Python的Scrapy爬虫框架简单学习笔记

655次阅读  |  发布于5年以前

一、简单配置,获取单个网页上的内容。
(1)创建scrapy项目


    scrapy startproject getblog

(2)编辑 items.py


    # -*- coding: utf-8 -*-

    # Define here the models for your scraped items
    #
    # See documentation in:
    # http://doc.scrapy.org/en/latest/topics/items.html

    from scrapy.item import Item, Field

    class BlogItem(Item):
      title = Field()
      desc = Field()
(3)在 spiders 文件夹下,创建 blog_spider.py

需要熟悉下xpath选择,感觉跟JQuery选择器差不多,但是不如JQuery选择器用着舒服( w3school教程: http://www.w3school.com.cn/xpath/ )。


    # coding=utf-8

    from scrapy.spider import Spider
    from getblog.items import BlogItem
    from scrapy.selector import Selector


    class BlogSpider(Spider):
      # 标识名称
      name = 'blog'
      # 起始地址
      start_urls = ['http://www.cnblogs.com/']

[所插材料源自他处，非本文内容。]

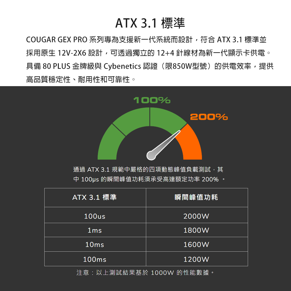 COUGAR 美洲獅 GEX PRO 850W (ATX3.1) 金牌模組電源供應器 80PLUS
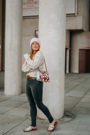 Übergangslook 2022 Frühlingslook Outfit Acne Studios Mütze Chloe Sandalen de Bijenkorf Modeblog Bonn 8
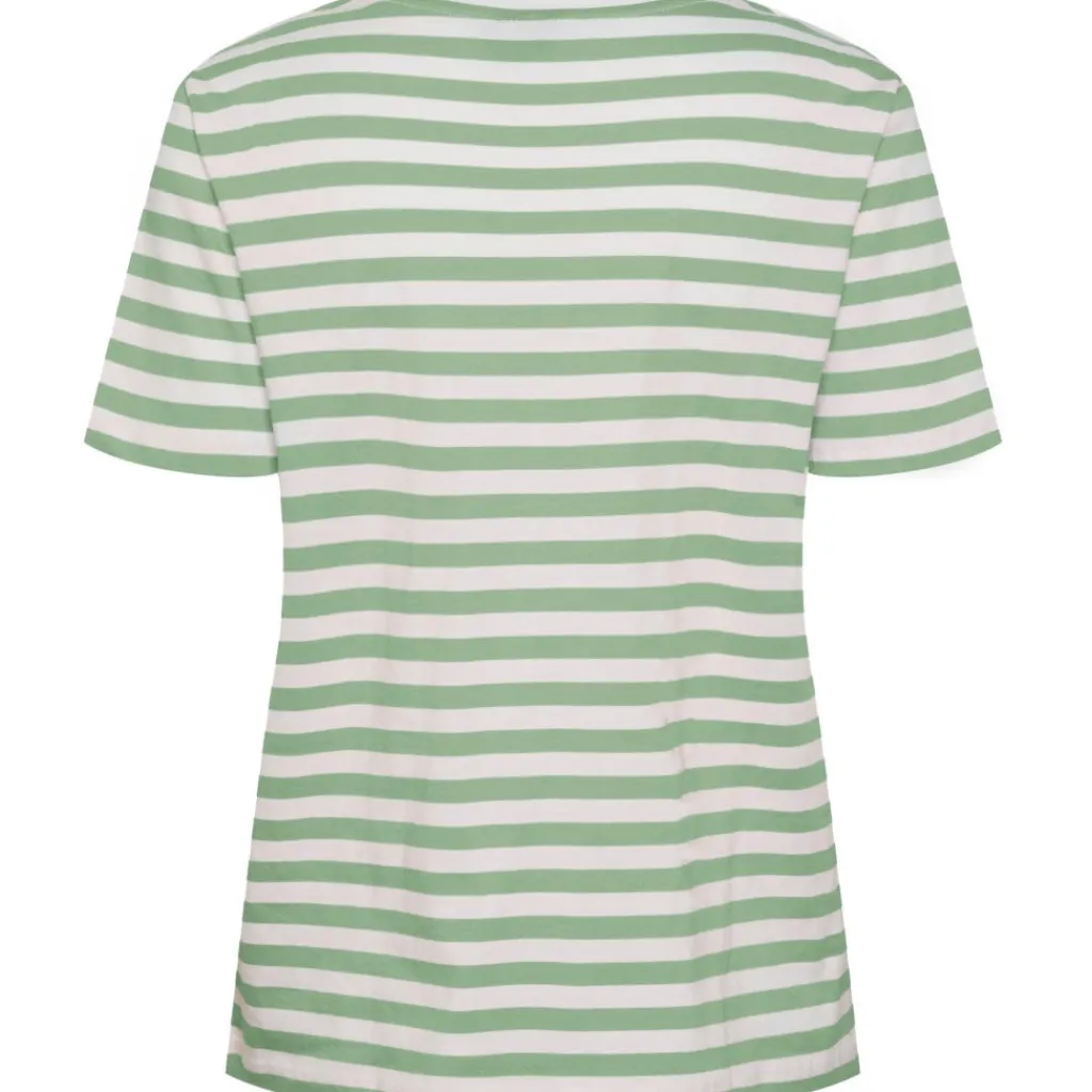 Stribet basis t-shirt fra Pieces med en diskret hvid kant. Normal i størrelsen for en behagelig pasform, og super nem at kombinere med resten af klædeskabet.

      def parse(self, response):
        sel = Selector(response) # Xptah 选择器
        # 选择所有含有class属性,值为'post_item'的div 标签内容
        # 下面的 第2个div 的 所有内容
        sites = sel.xpath('//div[@class="post_item"]/div[2]')
        items = []
        for site in sites:
          item = BlogItem()
          # 选取h3标签下,a标签下,的文字内容 'text()'
          item['title'] = site.xpath('h3/a/text()').extract()
          # 同上,p标签下的 文字内容 'text()'
          item['desc'] = site.xpath('p[@class="post_item_summary"]/text()').extract()
          items.append(item)
        return items

(4)运行,


    scrapy crawl blog # 即可

(5)输出文件。

    在 settings.py 中进行输出配置。

    # 输出文件位置
    FEED_URI = 'blog.xml'
    # 输出文件格式 可以为 json,xml,csv
    FEED_FORMAT = 'xml'
输出位置为项目根文件夹下。

二、基本的 -- scrapy.spider.Spider

(1)使用交互shell

    dizzy@dizzy-pc:~$ scrapy shell "http://www.baidu.com/"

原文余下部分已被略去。